Geographically, North America is the deepest single market (the US alone is around 85% of North American demand), Europe is the largest region in aggregate, and Asia Pacific is the fastest-growing, led by China and India — which is also where the bulk of custom plush is manufactured.
What is driving demand
Five forces are doing most of the work behind the numbers above:
- Kidult & “newstalgia.” Adults buying comfort objects and childhood-nostalgia plush for themselves.
- Blind-box scarcity. Randomised and “chase” editions that reward repeat buying and collecting.
- Fandom & IP collabs. K-pop, anime, gaming and entertainment licences turning audiences into plush buyers.
- Social unboxing. TikTok and Instagram turning a plush reveal into free, viral marketing.
- Gifting & emotional value. Plush as an affordable, high-sentiment gift across all ages.
What it means for your brand in 2026
Market data is only useful if it changes a decision. Here is how this report translates into a sourcing strategy:
Practically, that means designing for the collector (variants, premium finishes, giftable packaging), planning a series rather than one product, and choosing a manufacturer comfortable with both small collectible runs and scale. If you are costing a launch, our MOQ & pricing guide and brand-launch playbook turn this strategy into numbers.
Sources: Grand View Research, Global Market Insights, Euromonitor. Figures are approximate and for orientation, not investment advice.
Frequently asked questions
How big is the global plush toy market in 2026?+
Estimates range from roughly USD 12 billion to USD 16 billion depending on scope, with most firms projecting growth of 3–8% CAGR through the early 2030s. The spread comes from how each firm defines 'plush' — narrow soft-toy definitions land lower, while definitions that fold in collectibles and blind-box figures land higher.
What is the fastest-growing part of the plush market?+
The collectible and 'kidult' segment — adult-bought plush, blind-box figures and designer collectibles like Labubu and Squishmallows. The blind-box toy category alone is growing at roughly 9–10% CAGR, far ahead of the traditional kids' plush market, and adults now account for about 28% of all toy spending.
Which regions are driving plush toy demand?+
North America is the deepest single market (the US makes up about 85% of North American demand), Europe is the largest region overall, and Asia Pacific is the fastest-growing, led by China and India. Most custom plush manufacturing is concentrated in China.

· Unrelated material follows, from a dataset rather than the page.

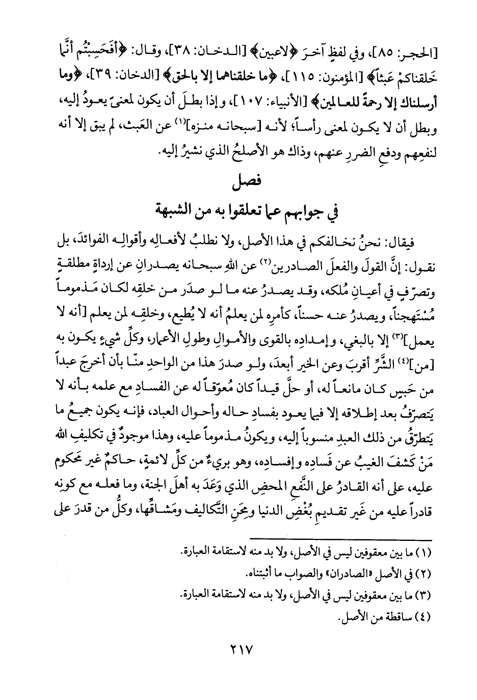 [الحجر ٨٥]، وفي لفظٍ آخرَ {لاعبين} [الدخان: ٣٨]، وقال: {أَفَحَسِبْتُمْ أَنَّمَا خَلَقْنَاكُمْ عَبَثًا} [المؤمنون: ١١٥]، {مَا خَلَقْنَاهُمَا إِلَّا بِالْحَقّ} [الدخان: ٣٩]، {وَمَا أَرْسَلْنَاكَ إِلَّا رَحْمَةً لِلْعَالَمِينَ (١٠٧)} [الأنبياء: ١٠٧]، وإذا بطلَ أن يكون لمعنىً يعودُ إليه، وبطل أن لا يكون لمعنى رأساً؛ لأنه [سبحانه منزه] (١) عن العَبث، لم يبق إلا أنه لنفعِهم ودفعِ الضررِ عنهم، وذاك هو الأصلحُ الذي نشيرُ إليه.

What does this market data mean for a brand launching plush in 2026?+
Growth is concentrated in collectibles, gifting and adult-oriented designs rather than basic kids' plush. The practical takeaway is to match a custom plush program to those fast-growing segments — designer collectibles, IP collabs, kidult-nostalgia and giftable lines — rather than competing in commoditised baby plush.